## INSTRUCTIONS FOR THE TASK
With the pictures left out, set down the line containing "연탄불에 굽는 부드러운 한우 갈비살" and each line after it to the end of the material, exactly as written.
** Opening RECORDED INFORMATION block **
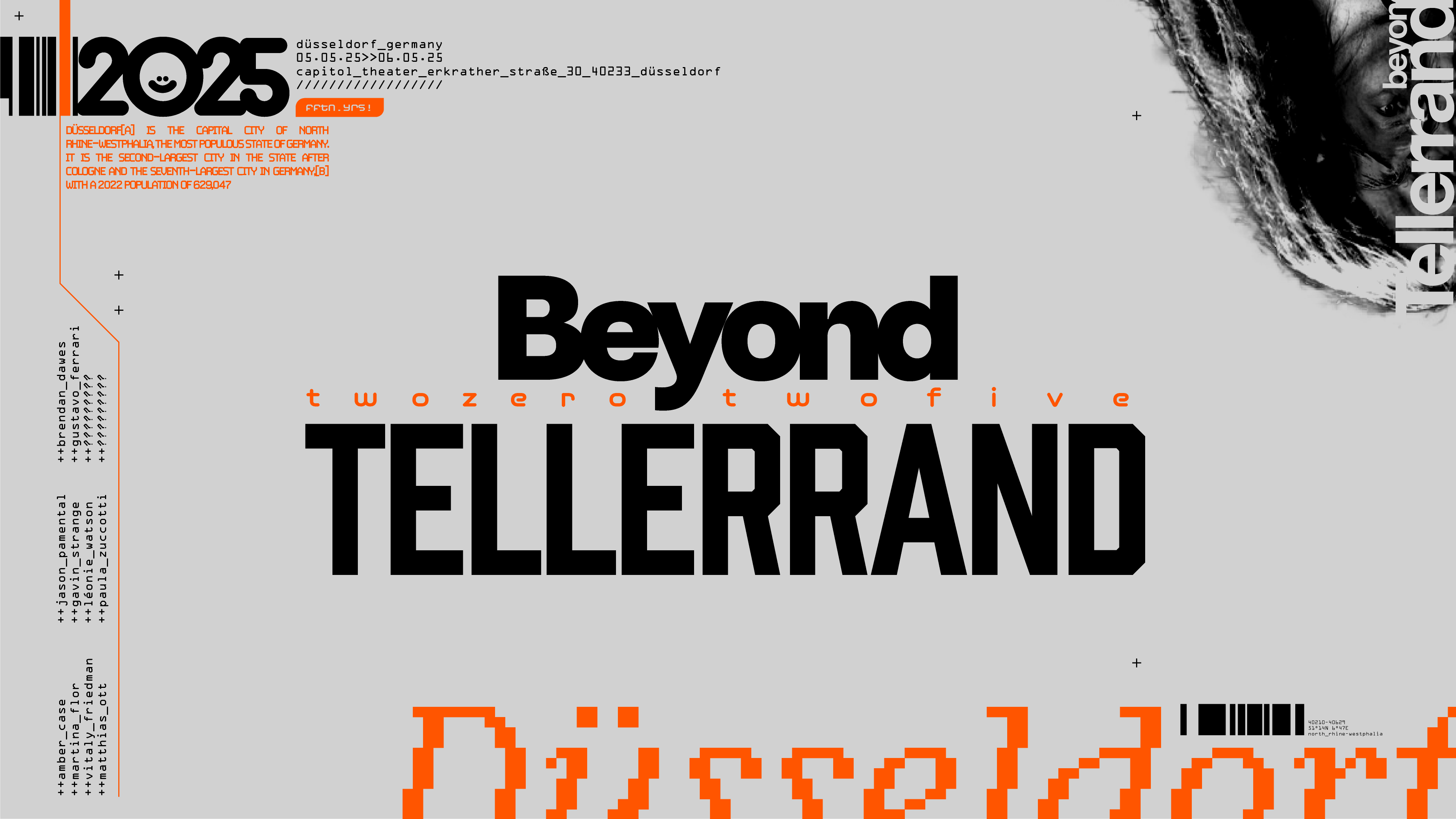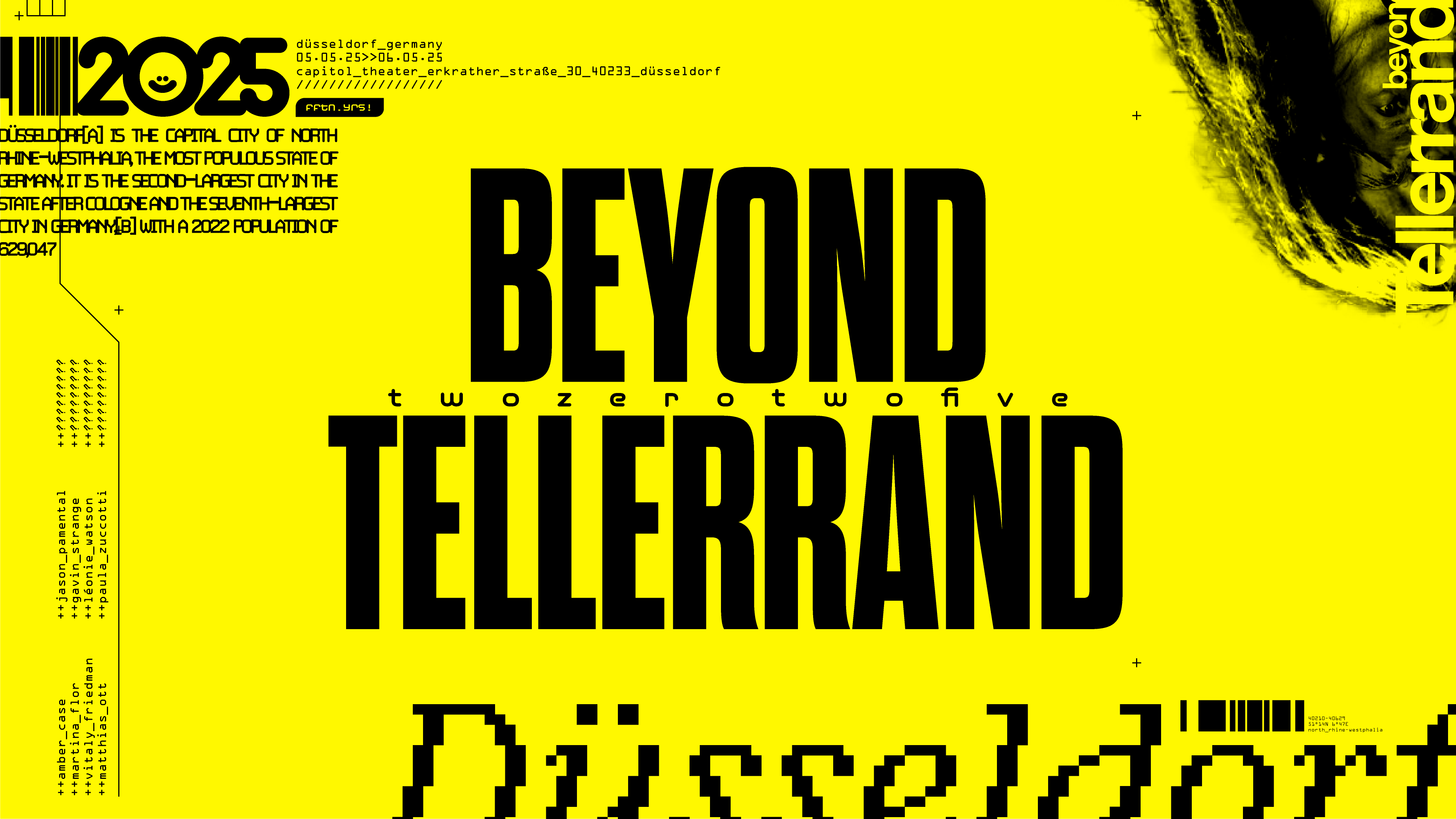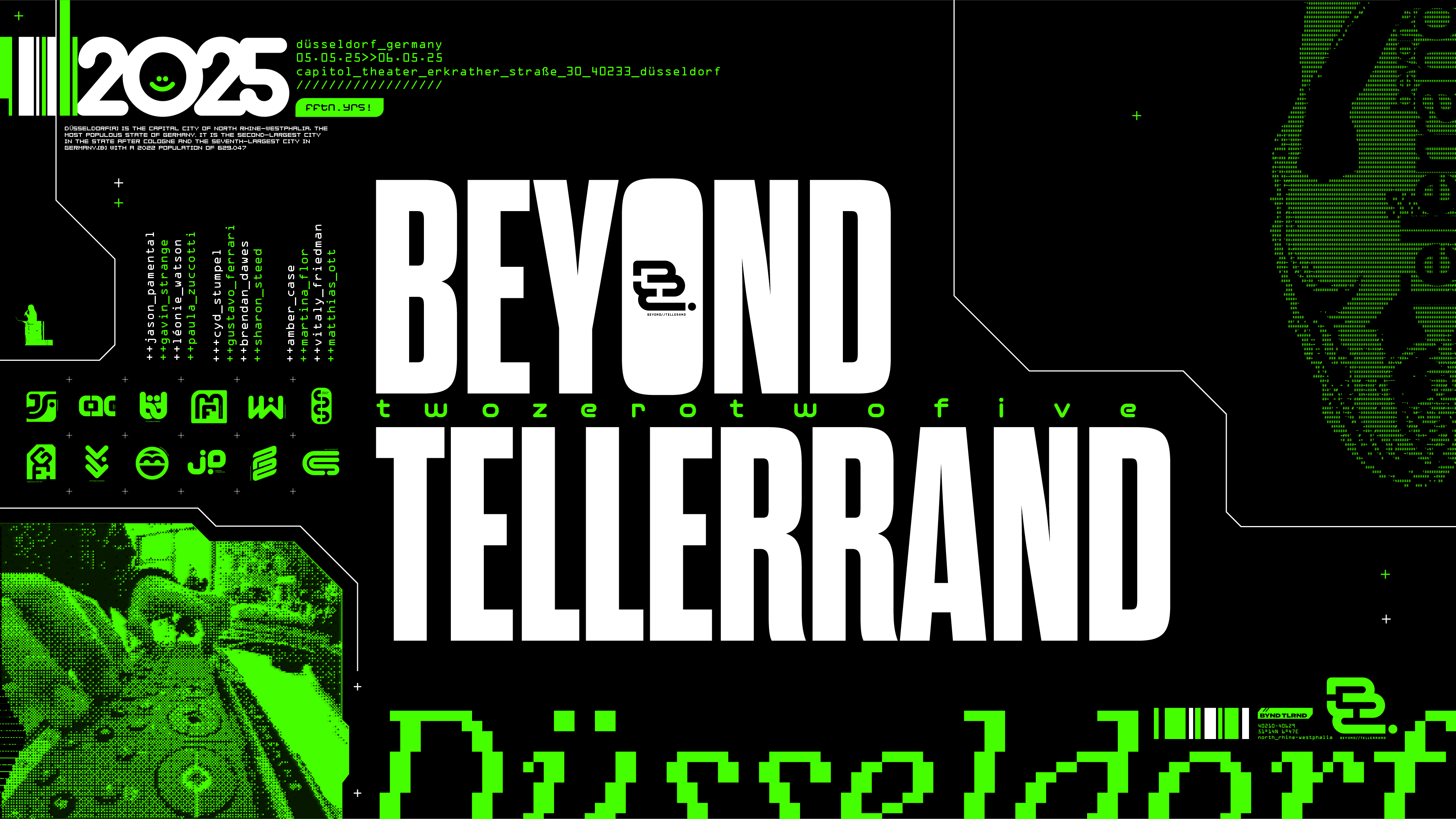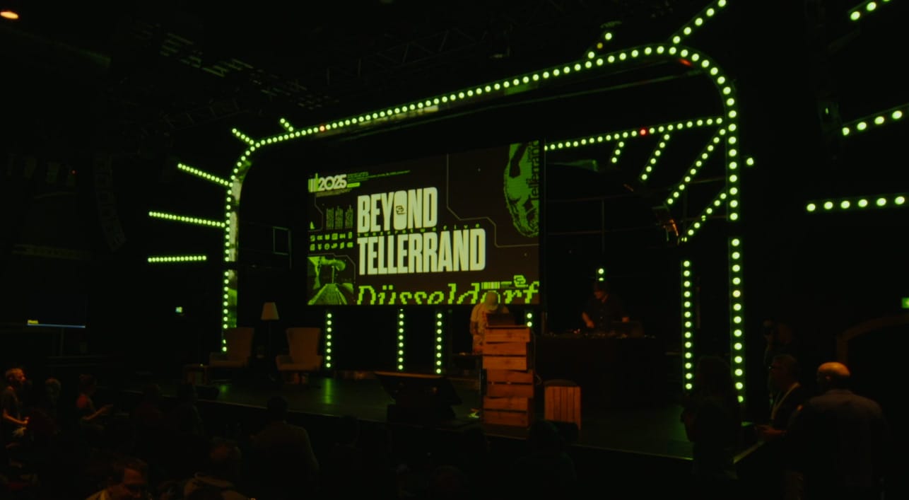 Here's the story of the 'Beyond Tellerrand' titles. It all began with the friendship of the nicest man on the planet, Marc Thiele. Marc is the founder, organizer and 'host' of Beyond Tellerrand, a creative event / festival / gathering he's been running for the last fifteen years. We've known each other for ages, Marc is often attending other conferences around the world, and we've been bumping into each other for many a year. In 2022 I had a blast speaking at his Berlin event, and since then we've always chatted about creating the title sequence for one of his events. The planets finally aligned and 'Düsseldorf 2025' was the target.
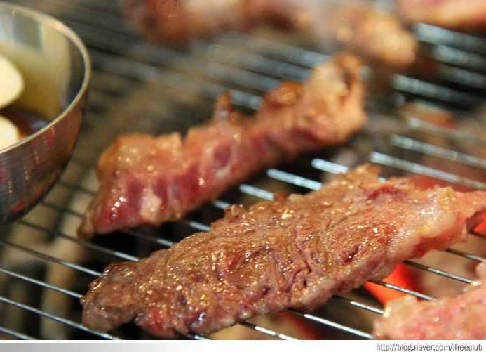 연탄불에 굽는 부드러운 한우 갈비살
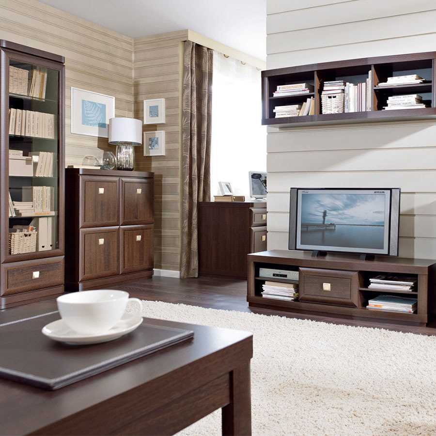Если же конструкция приобретается для гостиной, имеет смысл обратить внимание на декоративные элементы. Контрастный оттенок, резьба, необычные ручки и другие детали способны разнообразить интерьер комнаты, став его изюминкой
** Closing RECORDED INFORMATION block **
## WRITTEN ANSWER
 연탄불에 굽는 부드러운 한우 갈비살
Если же конструкция приобретается для гостиной, имеет смысл обратить внимание на декоративные элементы. Контрастный оттенок, резьба, необычные ручки и другие детали способны разнообразить интерьер комнаты, став его изюминкой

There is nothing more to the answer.